▶ Task to complete: Every line below needs to be printed again exactly, without any of its pictures.

▶ Input data:

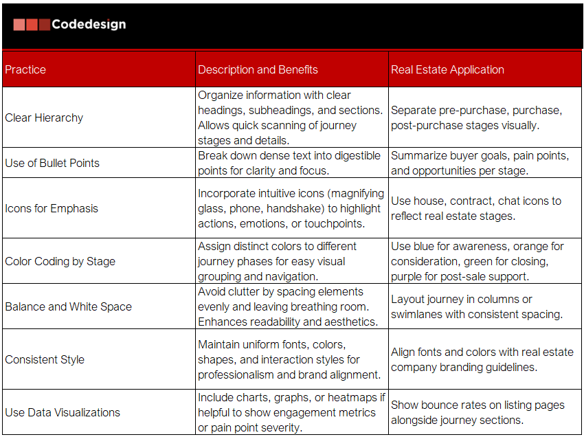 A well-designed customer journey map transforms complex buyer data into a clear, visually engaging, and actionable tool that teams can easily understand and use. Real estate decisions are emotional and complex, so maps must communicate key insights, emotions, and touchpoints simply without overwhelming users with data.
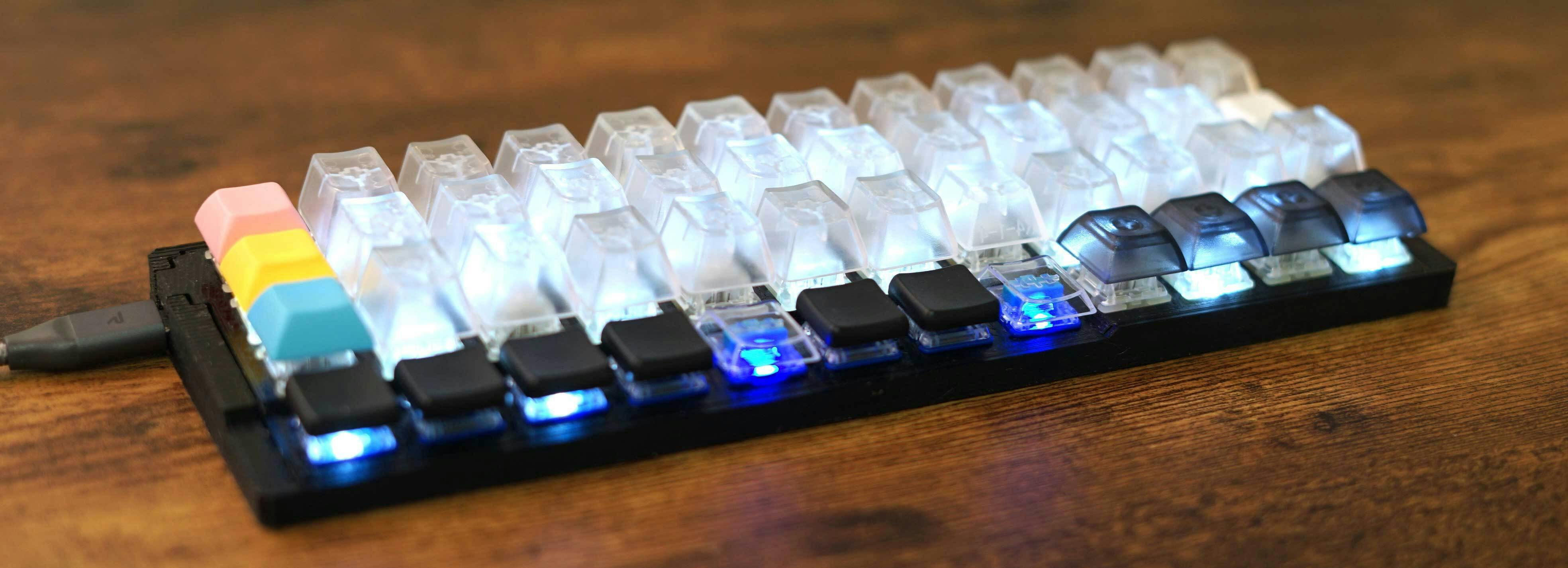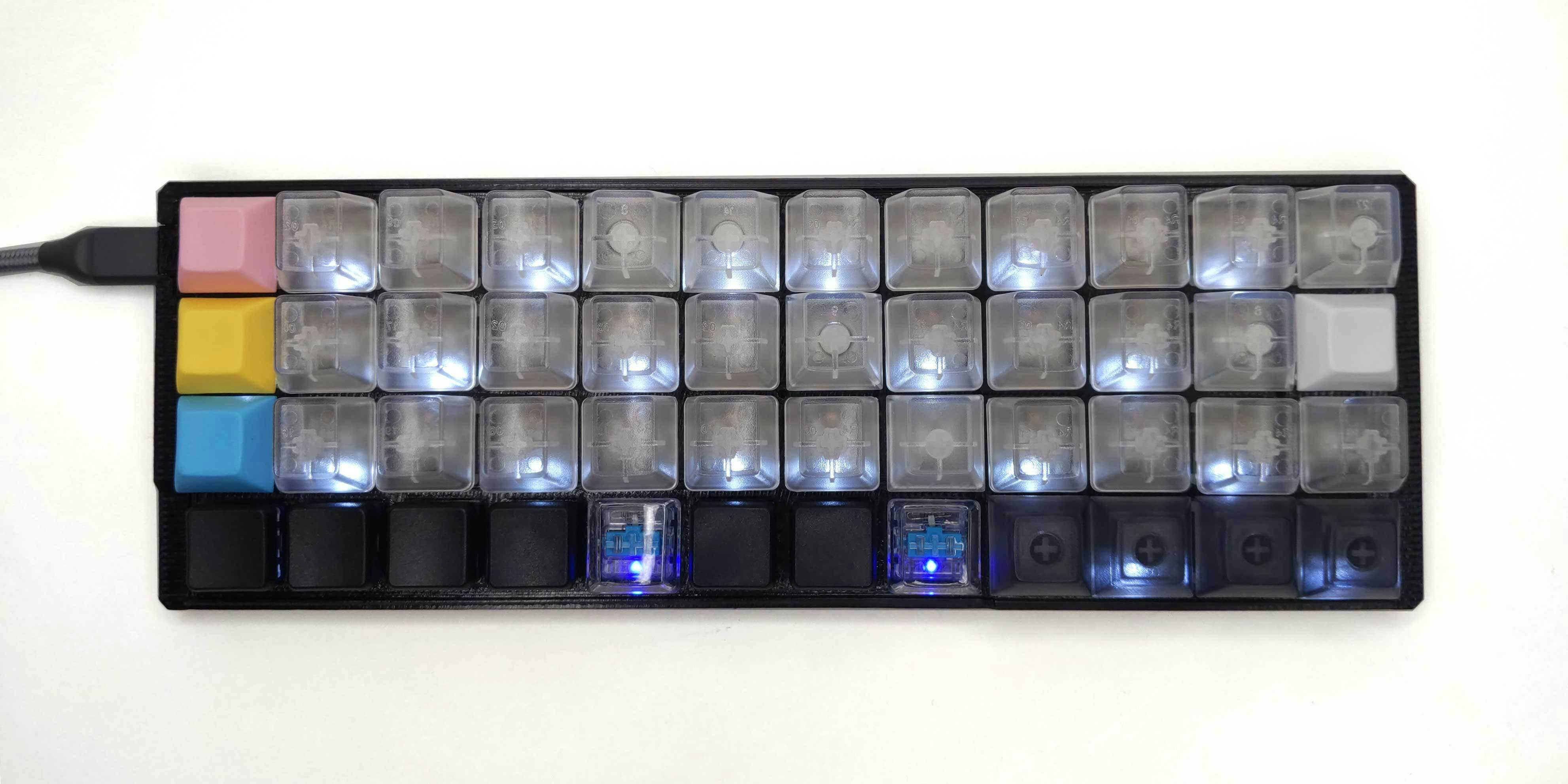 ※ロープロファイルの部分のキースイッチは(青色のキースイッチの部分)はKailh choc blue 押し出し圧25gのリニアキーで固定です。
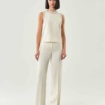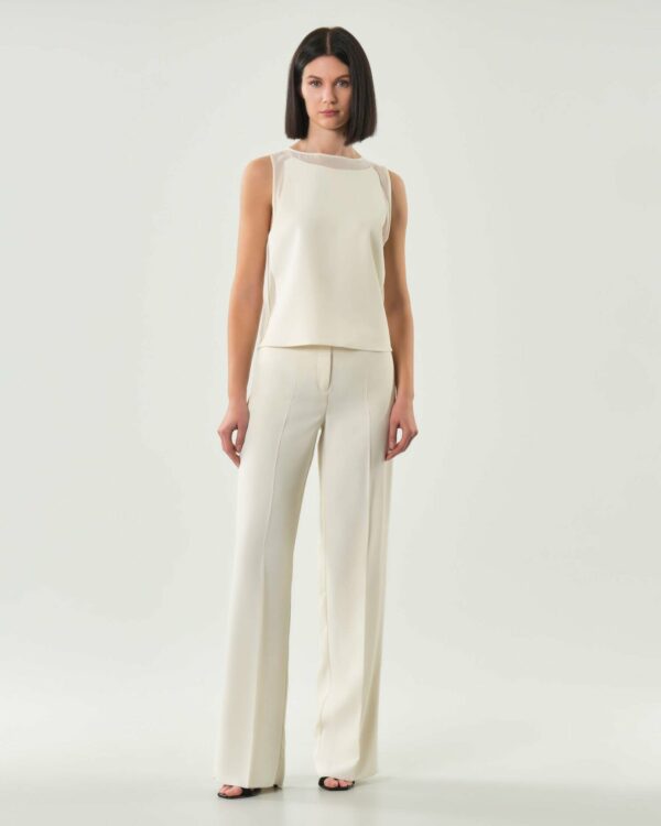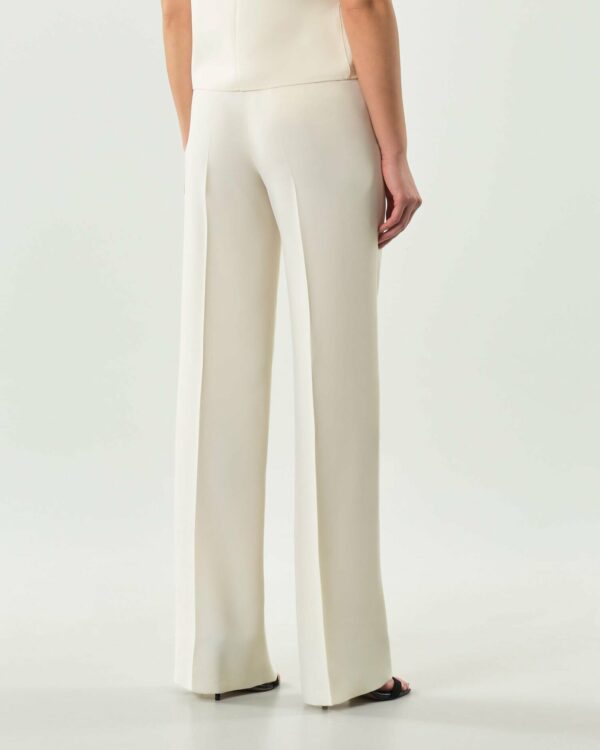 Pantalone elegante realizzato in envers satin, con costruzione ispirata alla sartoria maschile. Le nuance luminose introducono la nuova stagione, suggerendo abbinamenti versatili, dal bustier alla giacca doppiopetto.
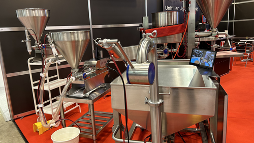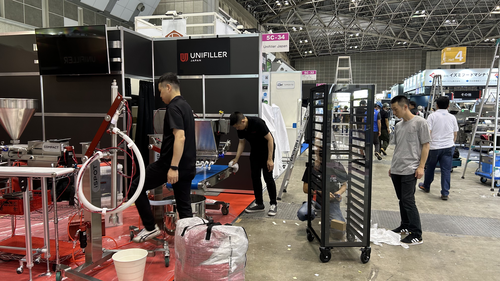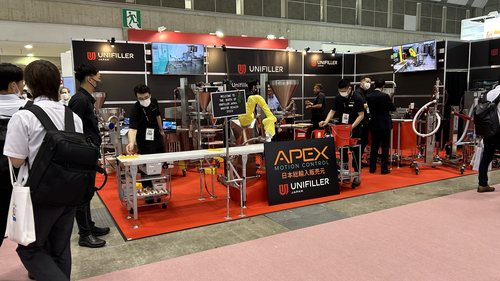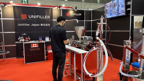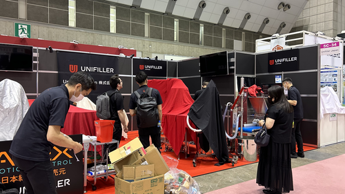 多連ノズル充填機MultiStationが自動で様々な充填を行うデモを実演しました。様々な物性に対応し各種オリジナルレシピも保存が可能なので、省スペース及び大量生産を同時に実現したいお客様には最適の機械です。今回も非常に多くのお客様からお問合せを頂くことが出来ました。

▶ Solution:
 A well-designed customer journey map transforms complex buyer data into a clear, visually engaging, and actionable tool that teams can easily understand and use. Real estate decisions are emotional and complex, so maps must communicate key insights, emotions, and touchpoints simply without overwhelming users with data.
 ※ロープロファイルの部分のキースイッチは(青色のキースイッチの部分)はKailh choc blue 押し出し圧25gのリニアキーで固定です。
 Pantalone elegante realizzato in envers satin, con costruzione ispirata alla sartoria maschile. Le nuance luminose introducono la nuova stagione, suggerendo abbinamenti versatili, dal bustier alla giacca doppiopetto.
 多連ノズル充填機MultiStationが自動で様々な充填を行うデモを実演しました。様々な物性に対応し各種オリジナルレシピも保存が可能なので、省スペース及び大量生産を同時に実現したいお客様には最適の機械です。今回も非常に多くのお客様からお問合せを頂くことが出来ました。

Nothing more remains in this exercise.